Pour une fois,  la tranquillité t’appelle, tu ne veux plus de lute. Avec délicatesse, tu poses ton front sur son épaule, tes mains sur ses cuisses. Un soupir dans une bulle apaisée, c’est peut-être ça que le monde pourrait être si la haine ne s’accrochait pas de ses griffes pâles à ta peau cassée.
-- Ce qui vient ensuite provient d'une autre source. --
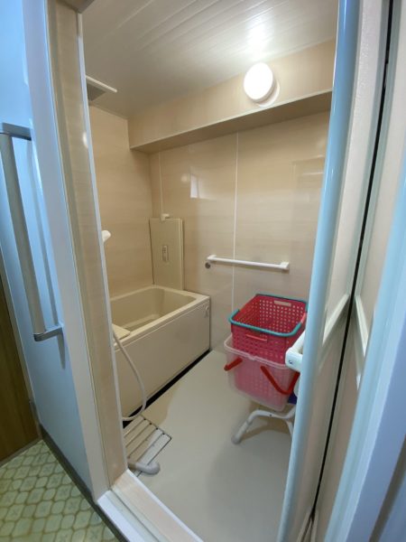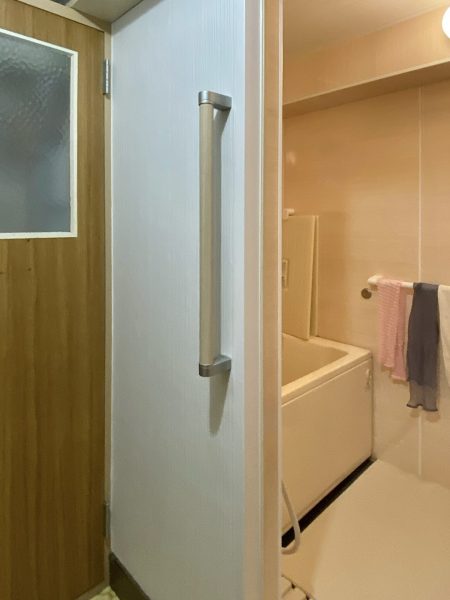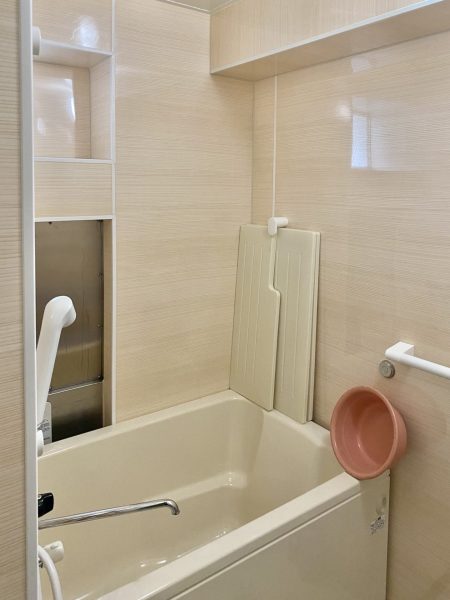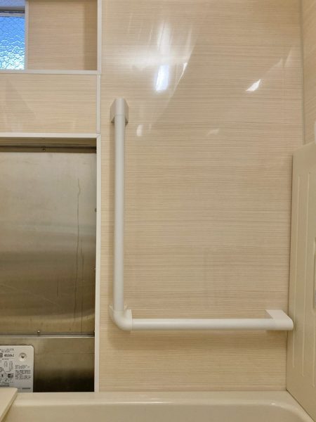 また、介護保険を活用し、浴室内外に手すりを設置するとともに、出入口の段差を軽減し、浴室床には滑りにくい仕様を採用しました。日々の動作がスムーズになり、転倒の不安を軽減できる、安心・安全な浴室となっています。

Un univers calme si tu ne voulais pas lui décoller la tête de son corps ès qu’il ouvre la bouche, et si tu ne voulais pas te foutre en l’air pour le simple fait d’avoir envie de lui. A cet instant, tu aimerais que ton cerveau se fasse la malle, verrouiller les portes pour l’éternité et rester dans ce doux nuage. Mais ce n’est pas la vraie vie, le vrai monde ne le laissera pas faire. « Whatever I say you can come back anytime you want. Freya’ll be happy, she’s fond of you. » Qu’il continue de s’inviter, aucun d’entre vous n’a de pouvoir sur ses allées et venues, tu hurleras comme d’habitude mais tu ne reviendras pas sur cette offre : qu’il continue de venir. Tu ne veux pas qu’il disparaisse de ton cercle maintenant qu’il y est trop présent. Au bout de quelques secondes, tu t’éloignes de lui, assez pour tendre ton bras vers le livre posé, Moby Dick, et lui colle dans les mains avant de t’enfoncer à nouveau dans le sofa, plus près de lui cette fois, collant ta jambe à la sienne et occupant tes mains virevoltantes avec la manette. « Read it to me. » Quitte à ce qu’il t’emmerde avec ce livre, autant qu’il donne aussi de sa personne pour cet effort. Probablement que d’ici quelques secondes il partira dans un tout nouvel univers, brusquant tes nerfs, mais tant pis.